Explicit formula for the supremum distribution of a spectrally negative stable process

TL;DR

This paper derives explicit formulas for the expected supremum of spectrally negative and positive Lévy processes with infinite variation, generalizing classical results for Wiener processes and using elementary probabilistic identities.

Contribution

It provides simple explicit formulas for the supremum distribution of spectrally negative Lévy processes with infinite variation, extending known results for Wiener processes.

Findings

Explicit formulas for supremum expectations of spectrally positive/negative Lévy processes.

Generalization of Wiener process supremum distribution formula.
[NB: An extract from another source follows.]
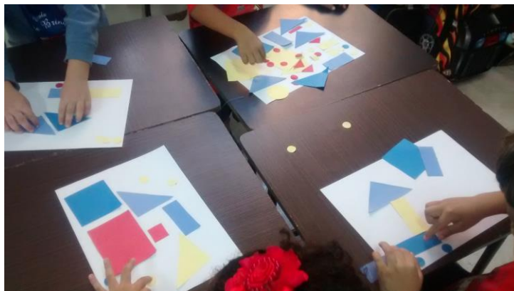
Figura 5 – Artes Visuais utilizando formas Geométricas

diferente do oferecido e buscavam também outras referências como as dos desenhos animados que elas tinham o hábito de assistir na TV. Para as crianças do 1º e 2º período, como não havia uma imagem para “copiar”, elas se sentiam mais livres e deixaram a imaginação fluir.

Derivation from Kendall's identity and elementary Seals formula.

Abstract

In this article we get simple explicit formulas for $\Exp\sup_{s\leq t}X(s)$ where $X$ is a spectrally positive or negative L\'evy process with infinite variation. As a consequence we derive a generalization of the well-known formula for the supremum distribution of Wiener process that is we obtain $\Prob(\sup_{s\leq t}Z_{\alpha}(s)\geq u)=\alpha \Prob(Z_{\alpha}(t)\geq u)$ for $u\geq 0$ where $Z_{\alpha}$ is a spectrally negative L\'evy process with $1<\alpha\leq 2$ which also stems from Kendall's identity for the first crossing time. Our proof uses a formula for the supremum distribution of a spectrally positive L\'evy process which follows easily from the elementary Seals formula.